Networking Primer – Part 7: Physical Layer, Electrons, Photons and All Things Quantum

Our 7th and Final OSI Layer is the Physical Layer. Unless you are planning to work with or design specialist hardware there isn’t much interaction required with this layer from an administrative point of view. We’ll cover some of the basics here but not in-depth.  This layer strays directly into the realms of science, more specifically physics and even more specially quantum physics.  This is most definitely the geekiest post in this series.

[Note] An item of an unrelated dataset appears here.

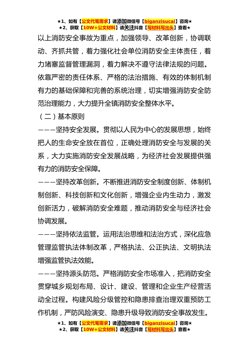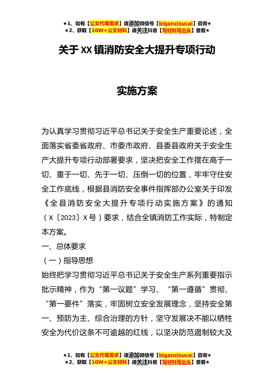★1、如有【公文代笔需求】请添加微信号【biganzisucai】咨询★★2、获取【10W+公文材料】请关注抖音【写材料写出头】查看★关于XX镇消防安全大提升专项行动实施方案为认真学习贯彻习近平总书记关于安全生产重要论述,全面落实省委省政府、市委市政府、县委县政府关于安全生产大提升专项行动部署要求,坚决把安全工作摆在高于一切、重于一切、先于一切、压倒一切的位置,牢牢守住安全工作底线,根据县消防安全事件指挥部办公室关于印发《全县消防安全大提升专项行动实施方案》的通知(X〔2023〕X号)要求,结合全镇消防工作实际,特制定本方案。一、总体要求(一)指导思想始终把学习贯彻习近平总书记关于安全生产系列重要指示批示精神,作为“第一议题”学习、“第一遵循”贯彻、“第一要件”落实,牢固树立安全...
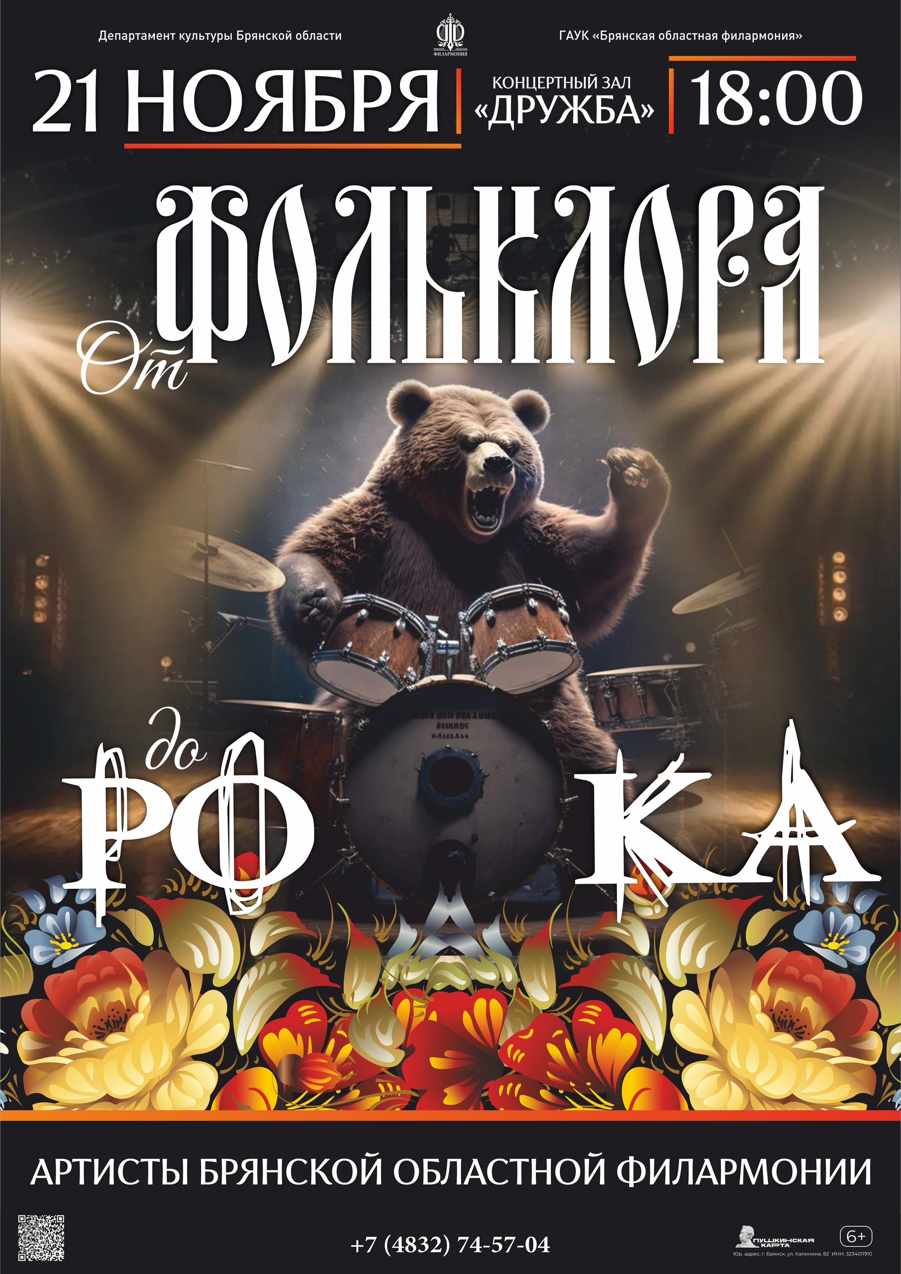 21 ноября в 18:00 в к/з «Дружба» Брянская областная филармония представит программу «От фольклора до рока».

Most modern computers store, process and transmit data in its simplest form, binary. It makes sense to encode data in the form of binary as even the most complex information can be broken down and represented as combinations of simple 0s and 1s. This simple representation maps very conveniently across to physical properties.  The physical technologies we use today work on the premise of data being represented by one of two states, there or not there (on or off).  The electronic components inside a computer are able to create and detect physical state. To simplify this to the highest level, electrical current is either present or not present inside a component on a circuit board. If it is present, that represents a 1 and if it is not, the represents a 0.

Signalling and Media

This is much easier to visualise in networking terms. If you have two nodes connected with a copper wire, the sending node is able to transmit electrical pulses down the wire and the receiving node is able to decode this as a stream of 0’s and 1’s. Another way of thinking of this is like the ships of World War 2 that used big lights to send messages to each other in the form of morse code. This is referred to as signalling and the whole focus of layer 1 is to define the protocols for converting data to signals along with sending/receiving them.  Anything that is able to exist (and be detected) in one of two physical states can be used as a transmission device.

Morse Code Signalling Lamp

Our transmission media doesn’t necessarily have to be electrons flowing down an electrically conducting wire. It could just as well be photons of light travelling down a fibre optic cable. It could also photons travelling through the air as part of radio magnetic waves (i.e. Wifi). When implementing the physical network, consideration must be given to the properties of the physical media, each of them will have different speed, throughput, cost and flexibility attributes. For instance, Fibre optic technologies generally cost more than their electron shuffling equivalents, but today they represent the fastest possible method moving signals from one place to another. They do this at the speed of light (299,792,458 metres per second) and that is essentially the fastest anything can travel as it’s the cosmological speed limit of the entire universe. Electrical current still moves down wires pretty fast, in fact almost at the speed of light, but slightly less due to other physical factors that cause some interference and resistance to the movement.

From a WiFi perspective it’s strange to think that we have electromagnetic waves running through us and all around us at all times. The transmission element in the radio wave is of course also the photon, after all, light is just an electromagnetic wave oscillating at a different (and visible) frequency than radio. I particularly like the picture below which visualised the electromagnetic wave of WiFi propagating across a city.

Here's What Wi-Fi Would Look Like If We Could See It

You can find more cool WiFi visualisation here:

Here’s What Wi-Fi Would Look Like If We Could See It

Wow, time to make our way out of the land of geek.  This is as much as we’ll cover here as this is a Primer and not a physics course.